» PROBLEM STATEMENT: The records below are to be copied exactly, with every picture left out.
------------
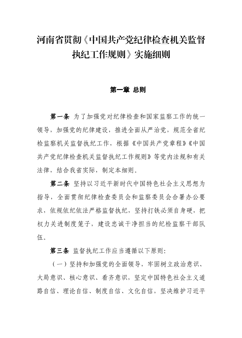 河南省贯彻《中国共产党纪律检查机关监督执纪工作规则》实施细则
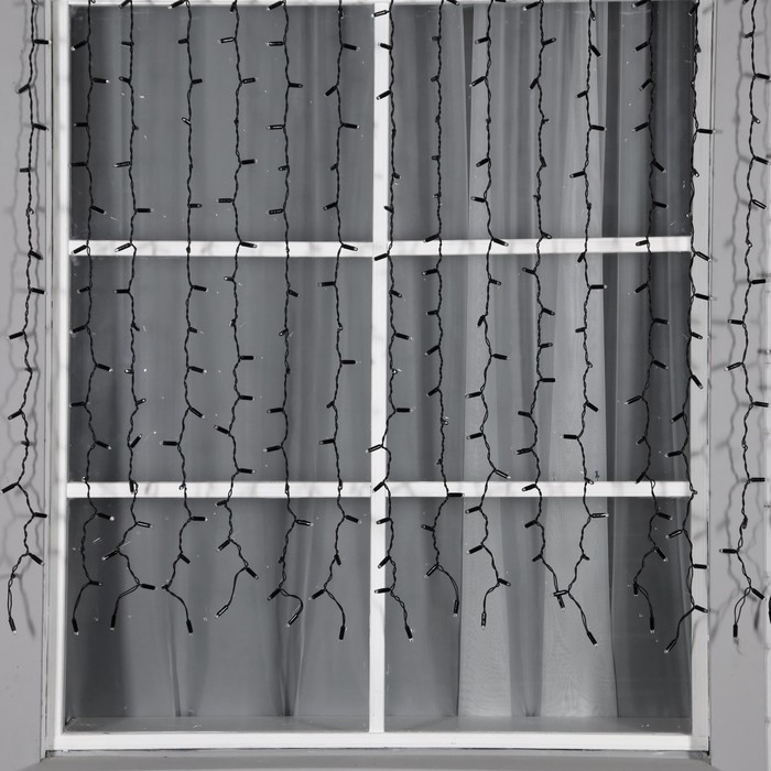Гирлянда «Занавес» 2 × 1.5 м, IP65, УМС, тёмная нить, 360 LED, свечение белое, 220 В
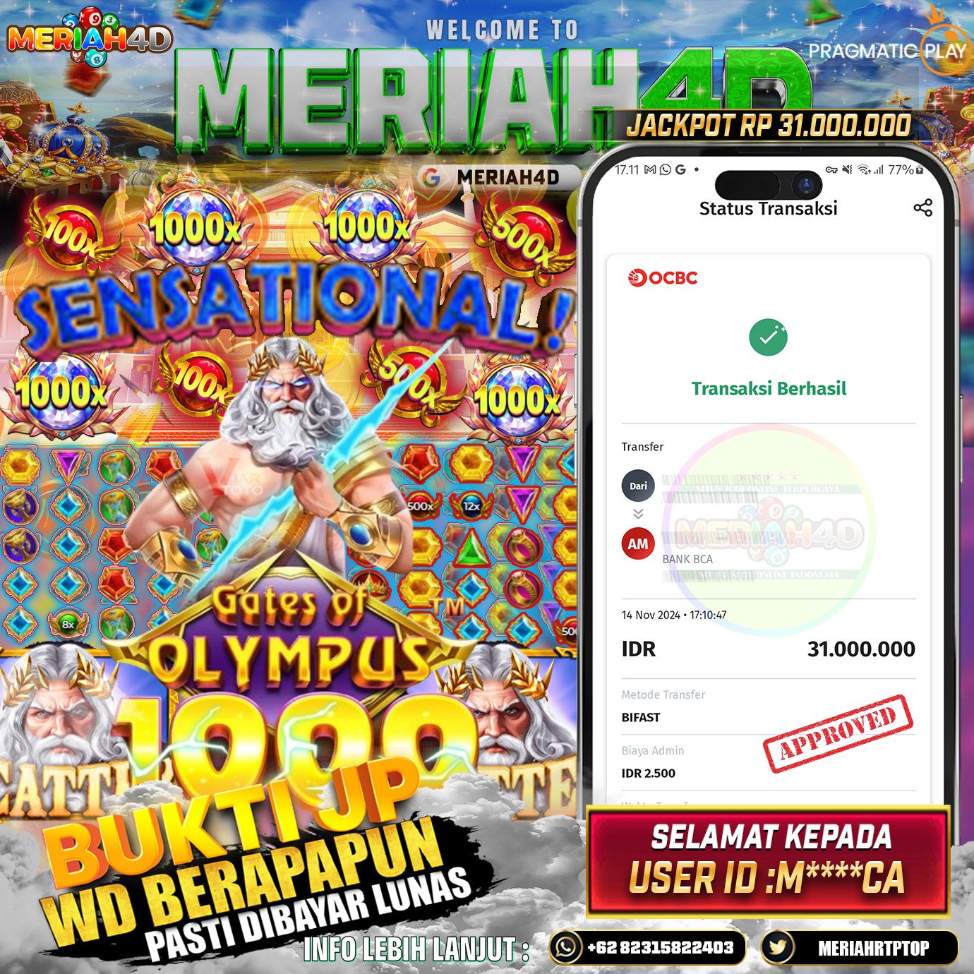 MERIAH4D Bukti Kemenangan Slot GATES OF OLYMPUS 1000
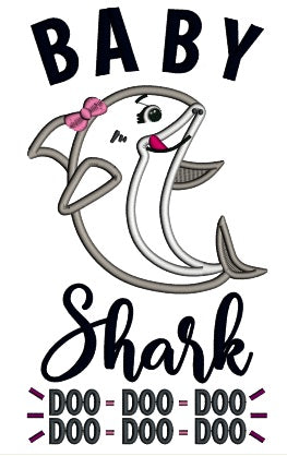 Baby Girl Shark Doo Doo Children Rhimes Applique Machine Embroidery Design Digitized Pattern
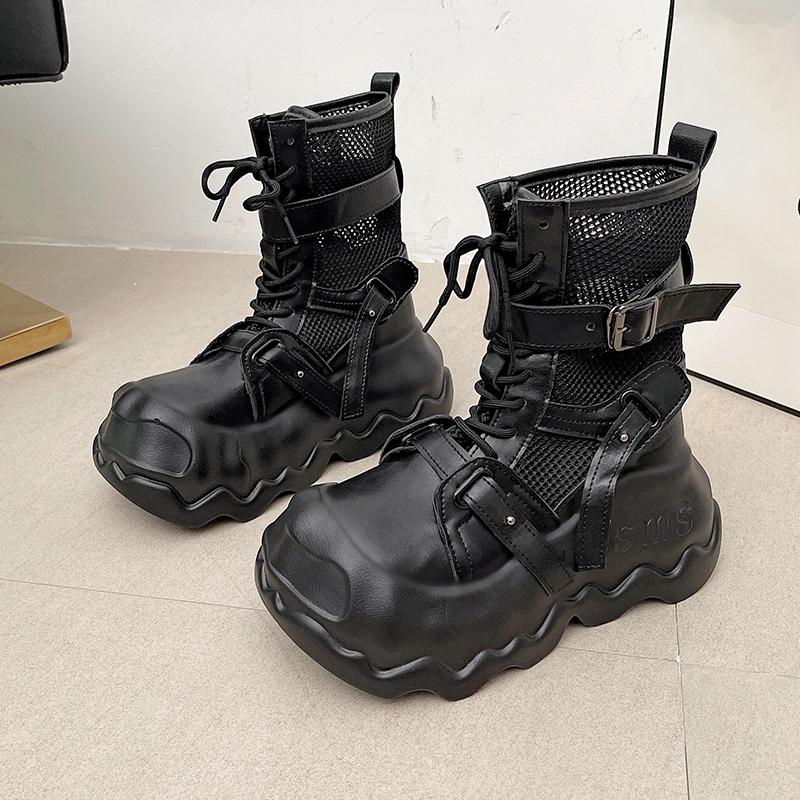 Fashion Summer Women Thick Soled Mid-Calf Boots Outdoors Lady Casual Hollow Cool Shoes Female Breathable Mesh Boots White Botas Mujer
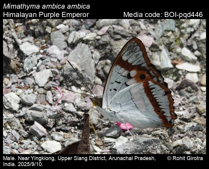 Anonymous 2025. Mimathyma ambica (Kollar, [1844]) – Indian Purple Emperor. In Kunte, K., S. Sondhi, and P. Roy (Chief Editors). Butterflies of India, v. 4.12. Published by the Indian Foundation for Butterflies. URL: https://www.ifoundbutterflies.org/mimathyma-ambica, accessed 2025/10/06.
------------
» ANSWER FOR THE TASK:
 河南省贯彻《中国共产党纪律检查机关监督执纪工作规则》实施细则
Гирлянда «Занавес» 2 × 1.5 м, IP65, УМС, тёмная нить, 360 LED, свечение белое, 220 В
 MERIAH4D Bukti Kemenangan Slot GATES OF OLYMPUS 1000
 Baby Girl Shark Doo Doo Children Rhimes Applique Machine Embroidery Design Digitized Pattern
 Fashion Summer Women Thick Soled Mid-Calf Boots Outdoors Lady Casual Hollow Cool Shoes Female Breathable Mesh Boots White Botas Mujer
 Anonymous 2025. Mimathyma ambica (Kollar, [1844]) – Indian Purple Emperor. In Kunte, K., S. Sondhi, and P. Roy (Chief Editors). Butterflies of India, v. 4.12. Published by the Indian Foundation for Butterflies. URL: https://www.ifoundbutterflies.org/mimathyma-ambica, accessed 2025/10/06.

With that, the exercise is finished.